She slowly turned to see a stocky man in an MFP uniform aiming a pulse rifle at her chest.
“Buddy,” Alison said, doing her best to smile and appear disarming—which was difficult, with her left leg drenched in someone else’s blood. “I was just defending myself. I don’t know who those assholes were.”
She glanced over the railing, and the cop sidled closer to it as well.
Below, the two cloaked women who had been sitting in the booth stumbled out of the diner, staring in disbelief at the ruined hauler.
One pulled her hood back as she scanned the crowds, looking for Alison.
“Shit, Huro Girls!” the cop said, moving away from the railing. “I’m calling this in, and you need to come with me.”

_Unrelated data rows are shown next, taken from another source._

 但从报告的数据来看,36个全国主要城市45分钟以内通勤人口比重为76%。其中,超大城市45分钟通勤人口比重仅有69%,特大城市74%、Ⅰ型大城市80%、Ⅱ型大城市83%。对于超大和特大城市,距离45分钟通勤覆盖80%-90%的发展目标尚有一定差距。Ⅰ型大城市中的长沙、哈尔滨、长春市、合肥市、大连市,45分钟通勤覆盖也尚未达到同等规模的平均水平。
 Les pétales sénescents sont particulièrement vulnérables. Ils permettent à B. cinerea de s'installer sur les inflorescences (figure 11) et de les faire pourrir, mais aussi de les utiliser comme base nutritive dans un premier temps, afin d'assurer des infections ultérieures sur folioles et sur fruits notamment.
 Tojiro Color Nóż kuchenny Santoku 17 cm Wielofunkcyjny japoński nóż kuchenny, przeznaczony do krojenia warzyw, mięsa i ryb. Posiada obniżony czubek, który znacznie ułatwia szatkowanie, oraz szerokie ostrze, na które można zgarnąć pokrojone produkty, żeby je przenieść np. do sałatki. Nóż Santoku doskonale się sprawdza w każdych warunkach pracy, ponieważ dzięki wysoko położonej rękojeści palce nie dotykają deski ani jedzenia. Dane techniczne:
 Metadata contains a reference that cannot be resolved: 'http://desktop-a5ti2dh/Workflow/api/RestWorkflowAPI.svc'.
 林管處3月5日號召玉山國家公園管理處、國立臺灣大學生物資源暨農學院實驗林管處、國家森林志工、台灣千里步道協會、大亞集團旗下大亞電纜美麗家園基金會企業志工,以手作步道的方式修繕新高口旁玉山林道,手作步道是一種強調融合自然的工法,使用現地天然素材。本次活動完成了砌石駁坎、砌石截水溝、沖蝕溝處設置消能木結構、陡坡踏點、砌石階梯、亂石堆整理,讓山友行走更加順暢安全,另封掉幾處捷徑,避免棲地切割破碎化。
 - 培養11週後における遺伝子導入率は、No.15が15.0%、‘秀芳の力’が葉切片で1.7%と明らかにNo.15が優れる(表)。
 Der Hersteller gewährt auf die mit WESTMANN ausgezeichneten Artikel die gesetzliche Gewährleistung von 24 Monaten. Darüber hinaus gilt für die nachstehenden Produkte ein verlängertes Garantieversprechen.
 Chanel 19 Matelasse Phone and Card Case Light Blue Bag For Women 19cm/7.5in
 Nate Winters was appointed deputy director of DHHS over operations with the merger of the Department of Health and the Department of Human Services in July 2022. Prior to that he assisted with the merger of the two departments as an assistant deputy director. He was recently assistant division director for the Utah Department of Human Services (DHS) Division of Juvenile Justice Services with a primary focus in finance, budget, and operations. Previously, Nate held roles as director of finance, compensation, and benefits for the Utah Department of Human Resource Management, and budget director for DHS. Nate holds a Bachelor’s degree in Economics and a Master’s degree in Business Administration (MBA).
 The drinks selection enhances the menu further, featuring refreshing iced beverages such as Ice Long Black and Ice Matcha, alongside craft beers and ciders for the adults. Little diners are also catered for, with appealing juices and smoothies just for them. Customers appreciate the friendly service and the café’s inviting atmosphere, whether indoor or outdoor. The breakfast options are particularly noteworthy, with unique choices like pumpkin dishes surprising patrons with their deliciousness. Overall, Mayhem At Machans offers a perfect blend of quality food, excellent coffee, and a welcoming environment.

“Where?” Alison asked with a frown. “There’s only two of them. We can finish them off.”
“Finish—lady. You just started a bloodbath on the station. You’re under arrest. SWAT can deal with those two down there.”
No response came back from the lieutenant colonel, but suddenly Fred’s voice came to her.
Alison said.
There was no response, and Alison wondered if there was some sort of comm lockdown on the station, or if Alice was behind her loss of connection.
“Shit,” she muttered, looking down at the stocky police officer again. “I’m sorry, but I really can’t go with you.”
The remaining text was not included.